◆ **EXERCISE**
The reply should reproduce every line of the data below word for word, minus any images.

◆ **INFORMATION**
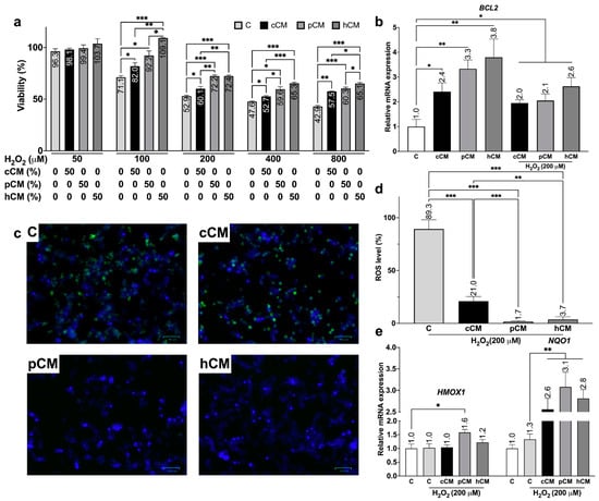 Thus, pretreatment of dPC12 cells with pCM and hCM resulted in a greater reduction in H2O2-induced intracellular ROS levels than did pretreatment with cCM. Moreover, exposure to hCM seems to lead to the observed effect on trPC12 cells due to the activation of BCL2, whereas in the case of pCM, it involves antioxidant-protective genes such as NQO1 and HMOX1.
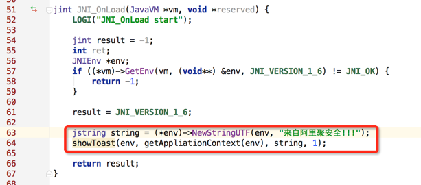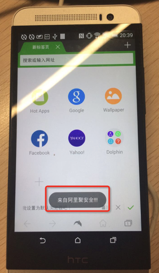 此so文件以“../../../../../../../../../../data/data/mobi.mgeek.TunnyBrowser/files/libdolphin.so”的形式存在惡意ZIP文件中。海豚浏覽器解壓惡意ZIP文件後,重新的libdolphin.so就會覆蓋掉原有的so文件,重新運行海豚浏覽器會彈出Toast提示框:
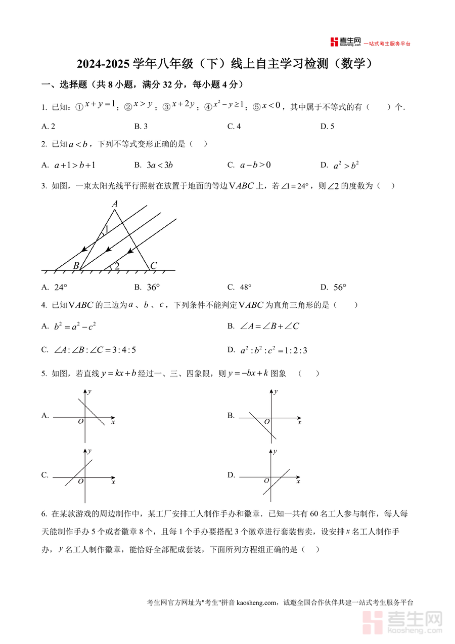 《精品解析:广东省深圳市福田区红岭中学2024-2025学年下学期八年级数学开学考试卷(原卷版).docx》是一份针对深圳福田区八年级学生数学开学检测的权威备考资料。该试卷包含选择题(8小题)、填空题(5小题)及解答题(5小题)三大题型,覆盖不等式识别与变形、几何图形角度计算、直角三角形判定、函数图像分析、方程组应用等八年级数学核心知识点;题型设计贴合红岭中学这类重点校的命题风格,题目设置兼顾基础与能力提升,能全面反映学生寒假自主学习效果及知识掌握程度。
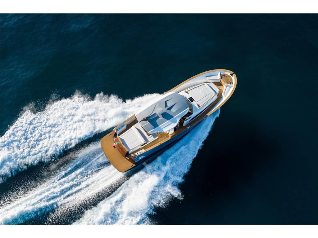 Angolo barra, Auto Dynamic Trim Interceptor, Autoclave, Bitte Abbattibili (in plaancetta di poppa), Bussola, Camminamenti laterali in teak, Caricabatterie, Colorazione speciale (blu metallizzato), Comando motori elettronico, Contamiglia, Display (multifunzione maggiorato), Doccia esterna, Ecoscandaglio, Elica di prua - bow thruster, GPS, Joystick (Volvo Penta), Lavandino nel Pozzetto, Log, Luci di cortesia, Passerella (idraulica con gradini orientabili), Piattaforma (abbattibile in teak), Pilota automatico, Pozzetto Teak, Presa 220V banchina, Presa acqua banchina (anche a prua), Radar, Radio VHF, Salpa Ancore Elettrico, Scaletta da bagno, Sedile Copilota, Sistema di posizionamento dinamico, Tavolo pozzetto, Winch Elettrico (a prua), 2 Winch tonneggio di poppa
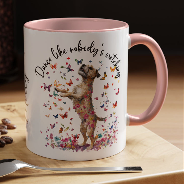 Border Terrier "Dance like nobody's watching" personalized colourful Mugs, 11oz
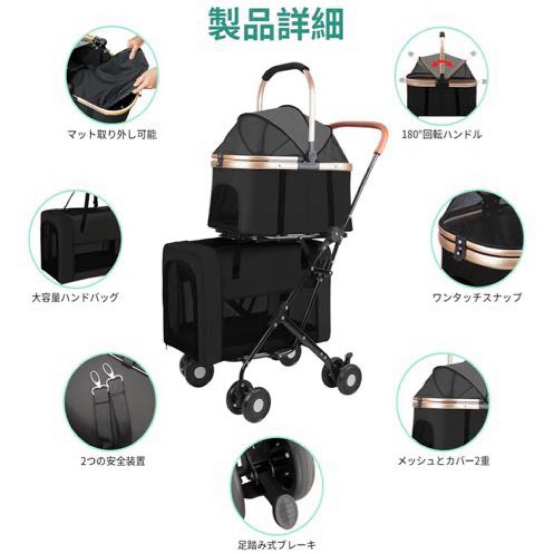 新品✨ペットカート折り畳み 二段式分離 ブレーキ付 360度前輪 多頭飼 大容量

◆ **TASK ANSWER**
 Thus, pretreatment of dPC12 cells with pCM and hCM resulted in a greater reduction in H2O2-induced intracellular ROS levels than did pretreatment with cCM. Moreover, exposure to hCM seems to lead to the observed effect on trPC12 cells due to the activation of BCL2, whereas in the case of pCM, it involves antioxidant-protective genes such as NQO1 and HMOX1.
 此so文件以“../../../../../../../../../../data/data/mobi.mgeek.TunnyBrowser/files/libdolphin.so”的形式存在惡意ZIP文件中。海豚浏覽器解壓惡意ZIP文件後,重新的libdolphin.so就會覆蓋掉原有的so文件,重新運行海豚浏覽器會彈出Toast提示框:
 《精品解析:广东省深圳市福田区红岭中学2024-2025学年下学期八年级数学开学考试卷(原卷版).docx》是一份针对深圳福田区八年级学生数学开学检测的权威备考资料。该试卷包含选择题(8小题)、填空题(5小题)及解答题(5小题)三大题型,覆盖不等式识别与变形、几何图形角度计算、直角三角形判定、函数图像分析、方程组应用等八年级数学核心知识点;题型设计贴合红岭中学这类重点校的命题风格,题目设置兼顾基础与能力提升,能全面反映学生寒假自主学习效果及知识掌握程度。
 Angolo barra, Auto Dynamic Trim Interceptor, Autoclave, Bitte Abbattibili (in plaancetta di poppa), Bussola, Camminamenti laterali in teak, Caricabatterie, Colorazione speciale (blu metallizzato), Comando motori elettronico, Contamiglia, Display (multifunzione maggiorato), Doccia esterna, Ecoscandaglio, Elica di prua - bow thruster, GPS, Joystick (Volvo Penta), Lavandino nel Pozzetto, Log, Luci di cortesia, Passerella (idraulica con gradini orientabili), Piattaforma (abbattibile in teak), Pilota automatico, Pozzetto Teak, Presa 220V banchina, Presa acqua banchina (anche a prua), Radar, Radio VHF, Salpa Ancore Elettrico, Scaletta da bagno, Sedile Copilota, Sistema di posizionamento dinamico, Tavolo pozzetto, Winch Elettrico (a prua), 2 Winch tonneggio di poppa
 Border Terrier "Dance like nobody's watching" personalized colourful Mugs, 11oz
 新品✨ペットカート折り畳み 二段式分離 ブレーキ付 360度前輪 多頭飼 大容量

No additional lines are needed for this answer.